Your instructions: A faithful copy without images is required: write out all the records exactly.

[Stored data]
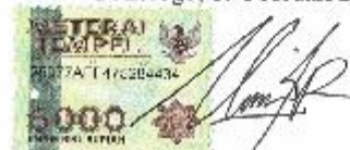
(Moh Munif Rifa'i) NIM 14440803
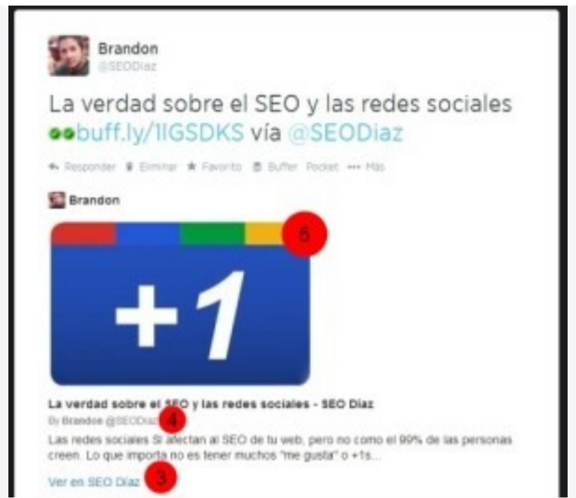
Aquí un ejemplo usando summary_large_image

Hay que tener algo importante en cuenta, hay algunos elementos que si Twitter no los encuentra tomará por default los indicados en OpenGraph . En mi caso no estoy usando ni twitter:description ni twitter:title, por lo que Twitter está tomando los valores que definí en og:description y og:title.
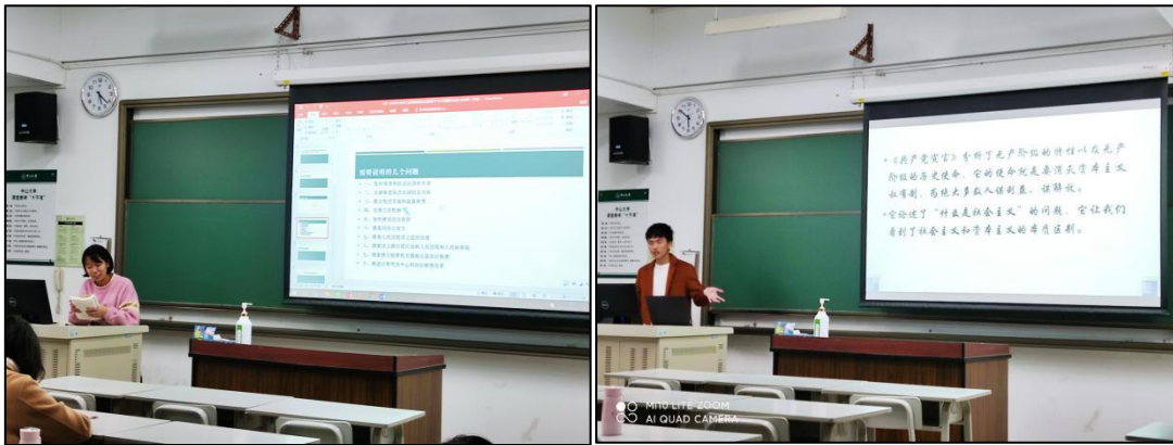
图2 马克思主义学习分享
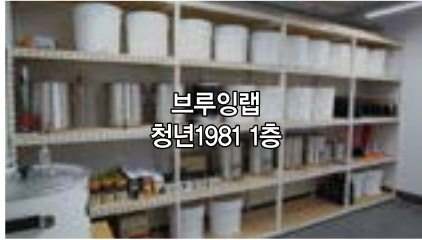
브루잉랩 청년1981 1층
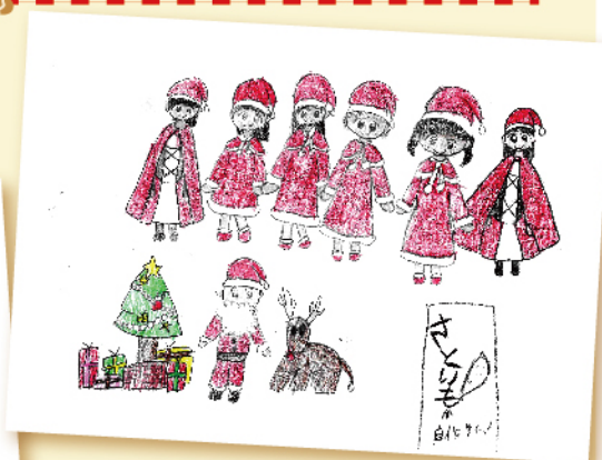
小学3年生 ペンネーム:さといも 小学3年生 ペンネーム:ミカンちゃん
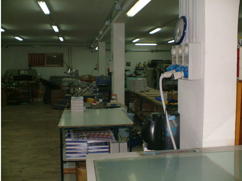
Interno del laboratorio
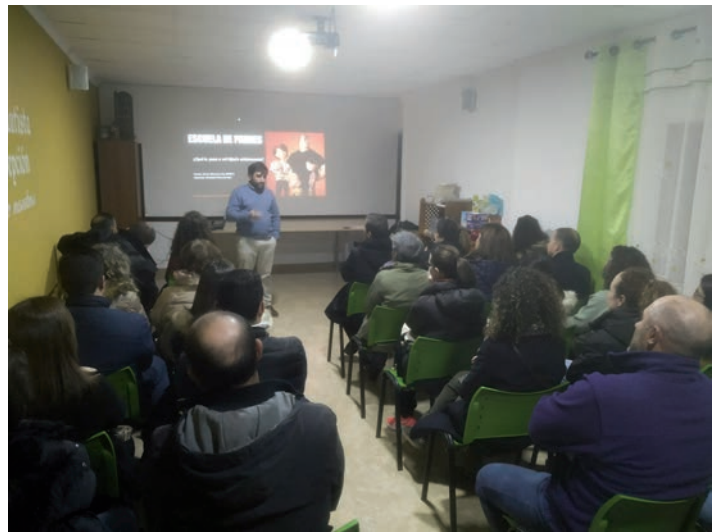
Un momento de la reunión de la escuela de padres en la parroquia de La Solana

Las familias reflexionaron sobre las principales características de la adolescencia y los cambios que sufren los jóvenes durante los años que dura esta etapa evolutiva. «A partir de ahí, se analizaron los comportamientos que se relacionan con esos cambios y las respuestas que pueden dar los padres» para situarse y responder de forma solvente y tranquila, explican desde la parroquia organizadora de la escuela.
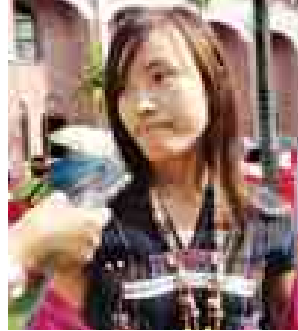
မိုင်နင်းရီတာစ် (ချင်းလူမျိုး၊ ရခိုင်ပြည်နယ်)

နှစ်(၅၀၀)ပြည့် ဂျူဘလီကို လာရတဲ့အတွက် မပြောပြနိုင်လောက်အောင် ဝမ်းသာပါတယ်။ ဂုဏ်ယူပါတယ်။ တိုင်းသူပြည်သားတွေက ယုံကြည်ခြင်းမှာ တိုးတက်လာတယ်။ တကယ်တမ်းလုံးမဆိုတာ ရှိလာတယ်။
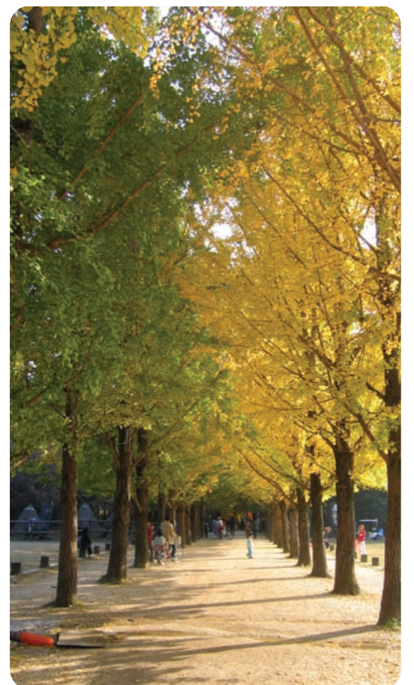
남이섬 은행나무 길

Solution for this exercise:
(Moh Munif Rifa'i) NIM 14440803
Aquí un ejemplo usando summary_large_image

Hay que tener algo importante en cuenta, hay algunos elementos que si Twitter no los encuentra tomará por default los indicados en OpenGraph . En mi caso no estoy usando ni twitter:description ni twitter:title, por lo que Twitter está tomando los valores que definí en og:description y og:title.
图2 马克思主义学习分享
브루잉랩 청년1981 1층
小学3年生 ペンネーム:さといも 小学3年生 ペンネーム:ミカンちゃん
Interno del laboratorio
Un momento de la reunión de la escuela de padres en la parroquia de La Solana

Las familias reflexionaron sobre las principales características de la adolescencia y los cambios que sufren los jóvenes durante los años que dura esta etapa evolutiva. «A partir de ahí, se analizaron los comportamientos que se relacionan con esos cambios y las respuestas que pueden dar los padres» para situarse y responder de forma solvente y tranquila, explican desde la parroquia organizadora de la escuela.
မိုင်နင်းရီတာစ် (ချင်းလူမျိုး၊ ရခိုင်ပြည်နယ်)

နှစ်(၅၀၀)ပြည့် ဂျူဘလီကို လာရတဲ့အတွက် မပြောပြနိုင်လောက်အောင် ဝမ်းသာပါတယ်။ ဂုဏ်ယူပါတယ်။ တိုင်းသူပြည်သားတွေက ယုံကြည်ခြင်းမှာ တိုးတက်လာတယ်။ တကယ်တမ်းလုံးမဆိုတာ ရှိလာတယ်။
남이섬 은행나무 길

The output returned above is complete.